Yes, indeed. That's why people are indeed looking at concepts like citizen's dividend.
It's vastly amusing that people flock around tv shows like Star Trek which basically promote a lifestyle based on this, but think that their warp fantasies and phaser pistoles are more worthwhile things to strive for than general human decency.
funruly — 2014-07-06T15:45:50-04:00 — #15
Totally fine if you want to engage in the time-honored pastime of slagging on Cory's hype, but there's no need to erase the female champion from this story in trying to talk smack.
alexg55 — 2014-07-06T18:09:24-04:00 — #16
Except who wears a dress in the shower?
rausantaella — 2014-07-06T18:22:30-04:00 — #17
The name, when pronounced, sounds Iike lávame, which is wash me in Spanish. The more you know.
seki — 2014-07-06T18:41:53-04:00 — #18
I like the spirit, but it looks like a very windy shower. Shower and dry at the same time!

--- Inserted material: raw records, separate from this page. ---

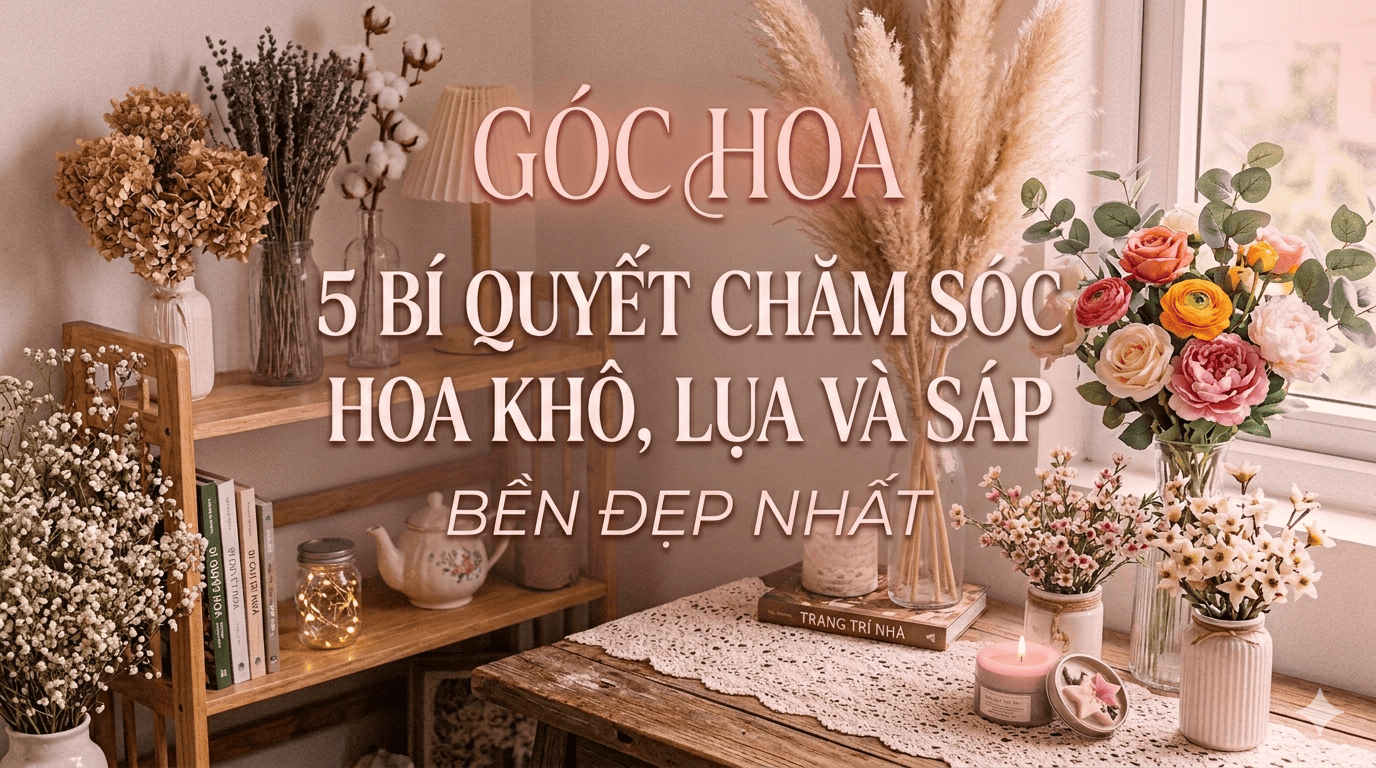Hoa khô, hoa lụa và hoa sáp ngày càng được ưa chuộng nhờ vẻ đẹp tinh tế, sang trọng và đặc biệt là độ bền vượt trội so với hoa tươi. Tuy nhiên, để những bó hoa này luôn giữ được màu sắc và form dáng như mới, bạn vẫn cần có cách chăm sóc và bảo quản đúng cách. Chỉ với một vài mẹo đơn giản, bạn hoàn toàn có thể giữ cho hoa luôn đẹp theo thời gian, dù trưng bày trong nhà hay làm quà tặng.
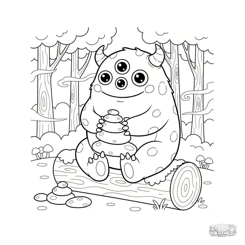 Página para colorir de um monstro amigável de três olhos em uma floresta. Para crianças de 4 a 6 anos. O monstro senta em um tronco empilhando pedras.
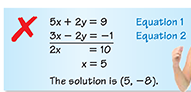 4x – 3y = 31 –7x + 9y = –58 | arrow_right_alt | substitution |
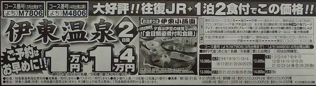 1日目 東京(9:00〜13:30)発=横浜=伊東=<各自ホテルへ/無料送迎バスをご利用ください(約5分)>=午後:伊東温泉(泊)

jpanzar — 2014-07-06T19:05:14-04:00 — #19
I find this bus idea for making life better for the homeless frustrating. $75,000 and who knows how much gas and maintenance, just so homeless people can take a shower. Good God, their needs are so much beyond that. What's frustrating for me is that the people behind this boss and the contributors took such a short view. Why not look at creating a model in San Francisco for how to help these people that can be used by the entire country, if it works. For example, get owners to contribute some of these empty warehouses, get people to donate their used mattresses, and give these people a place to sleep. Use some of the higher functioning homeless and volunteers to cook meals, using leftovers donated from restaurants etc. For those of you worried that this life is so easy that these people will not want to work, I have two comments: one, it is not easy or satisfying and so unsatisfying that it is a real motivator to work if you can. Two, many or most of these people can NOT work, usually for reasons of mental illness or deficiency. We should have a country that provides minimum sustenance for people who are unable to provide them for themselves. just make it so minimal that no sane or capable person would choose to live this lifestyle.

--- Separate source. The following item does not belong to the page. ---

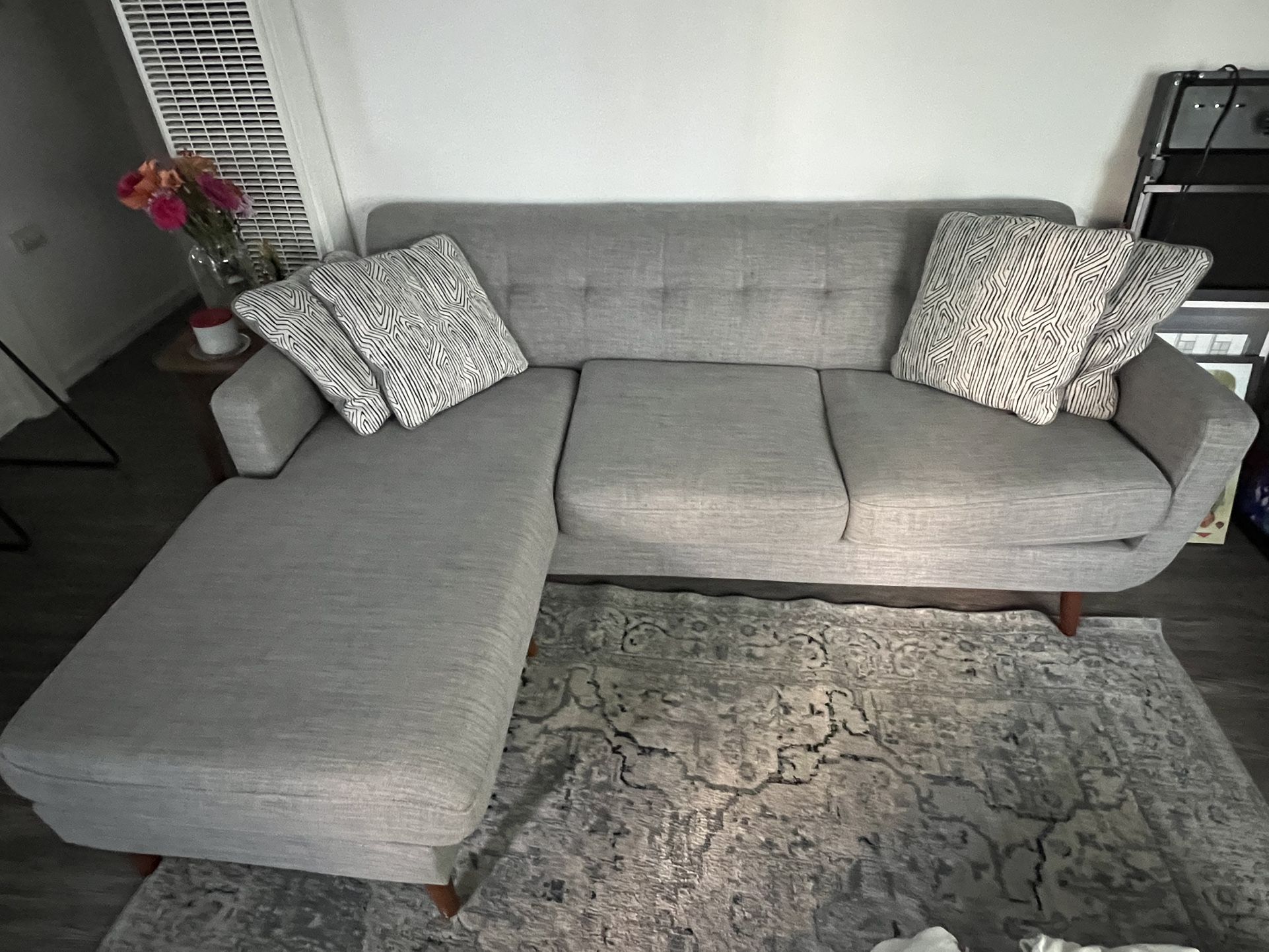 Modern gray L-shaped sectional sofa with chaise in very good condition. Comfortable, supportive cushions and a clean, neutral look that fits easily into most living spaces. The chaise provides extra lounging space and can seat multiple people comfortably. Includes an extra third cushion that can be used to replace the chaise cushion, allowing you to change the layout or refresh the seating area as needed. No rips, stains, or odors. From a smoke-free home. Includes accent pillows shown in photos. Selling due to rearranging furniture.

rider — 2014-07-06T19:51:23-04:00 — #20
Again from my actual experience with homeless your ideas are noble that will not. It's not lack of money or lack of space that keep almost all the homeless I have worked with homeless. It's addiction/mental illness. Many of them would not go to your warehouses for a whole host reasons, paranoia, not wanting to follow rules and give up independence....
Many of the homeless I know actually have extensive support networks of family and friends who would give them a home.
Homeless shelters have been around for centuries and they do not work.
I actually think this is one of the best things I've seen someone do for the homeless in a long long time. Hygiene in usually their top concern over even shelter. Want to make a homeless man happy for weeks give him a pack of clean socks.